Isso porque os olhares atentos da mídia agora passarão a se concentrar em outros personagens, na manutenção da cobertura do escândalo Cachoeira, como já ocorrera com o Governador Marconi Perillo, que administrou melhor do que Demóstenes o seu envolvimento com o escândalo, as denúncias e seus personagens, apesar de ter cometido graves erros iniciais de comunicação, sobre os quais falaremos em outro artigo.
Há hoje, ainda no clima da cassação do ex-Senador, indicações de que a bola da vez no Congresso Nacional é o deputado federal Carlos Alberto Leréia, do PSDB, amigo e parceiro confesso do contraventor.

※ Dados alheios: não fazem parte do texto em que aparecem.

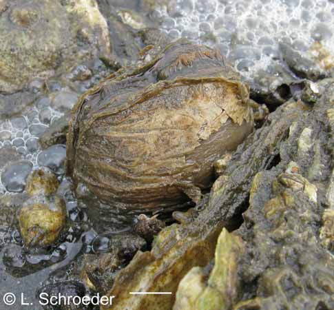 This is occasionally found intertidally in its southern range and commonly found to the north.  It prefers a muddy location.  The periostracum is dark, shiny, and rough, and tends to be worn away near the hinged end of the shell.

Os demais acusados, os deputados Sandes Júnior, Protógenes Queiroz e Rubens Otoni, tendem a ser ou já foram inocentados pela Casa. Sem dúvida que se alguém for punido agora, será o deputado Leréia. Mas, isso somente ocorrerá por razões políticas e sob intensa pressão da opinião pública, ou seja, caso o escândalo não esfrie e não seja superposto pelo corporativismo da Câmara dos Deputados.
Há também quem diga que o foco agora recairá sobre o suplente do ex-Senador, o milionário engenheiro Wilder Morais, cuja proximidade com Carlos Cachoeira parece ser ainda maior do que tinha Demóstenes, seja por ter supostamente enriquecido na relação com ele, seja por ter comprovadamente perdido a esposa para o contraventor (o que não configura crime algum, mas pode, sim, redundar em significativo dano de imagem). Caso as denúncias se avolumem a ponto do Senado reagir de novo, teremos o caso inédito do suplente de parlamentar cassado que poderá também ser lançado ao fosso da cassação.
Observe-se que, sedenta do sangue do primeiro acusado, o clamor público pode prosseguir em busca de novas cabeças a serem cortadas. É que os escândalos podem se reproduzir, seja em novos escândalos, seja por novos envolvimentos. E, ao que demonstra este caso recente, em tempos de internet tais episódios de deterioração de imagem são, ao mesmo tempo, extremamente velozes e bastante imprevisíveis, o que os torna dificilmente administráveis.